Anonymous information-sharing forum for verified professionals

Blind is an app that provides an anonymous forum and community for verified employees to discuss issues. Users on Blind are grouped by topics, company and their broader industry. The app verifies that the registered users actually work in the company through their work email and claims to keep user identities untraceable. However, this claim remains disputable on the basis of Blind being a closed source and with ties to South Korea, a country which enacts controversial defamation laws, which include defamation by factual information under article 307(1).

Blind was founded in 2013 by Sunguk Moon and Kyum Kim. In 2014, it initially launched in South Korea, followed by the U.S. in 2015. The company is based in San Francisco, California.

The app has been in the news in multiple cases, noticeably when its anonymous surveys reveal the frank opinions of employees across industries. However, it is also used for more discussions about everyday topics such as salaries.

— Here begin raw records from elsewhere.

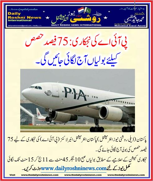 پاکستان انٹرنیشنل ائیرلائنز  (پی آئی اے) کی نجکاری کے لیے 75 فیصد حصص کی بولی  آج لگائی جائے گی۔
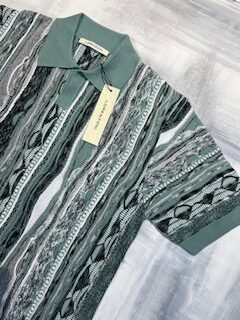 Polo manica corta Lorenzoni in misto cotone, colletto smedley senza bottoncini, lavorata motivo verticale fantasia
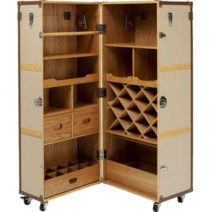 Cette malle qui contient un bar est une vraie pièce d'exception. Différents compartiments et porte-bouteilles ainsi qu'un plateau amovible se trouvent à l'intérieur pour des apéros réussis. Son revêtement en simili tressé beige est facile d'entretien. Livré monté avec les roulettes à fixer.

According to its app pages on the iOS App Store and Google Play, it has registered employees from over 83,000 companies. According to Forbes, the app is being used worldwide and is influencing corporate decisions by giving executives information about employees' concerns.

Employees from various companies have provided their input on situations at their workplace through the app's surveys and chats, including the Korean Air VP rage 7 sacking incident, Uber sexual harassment claims, Google memo, Amazon employment conditions and problems and 2026 tech layoffs.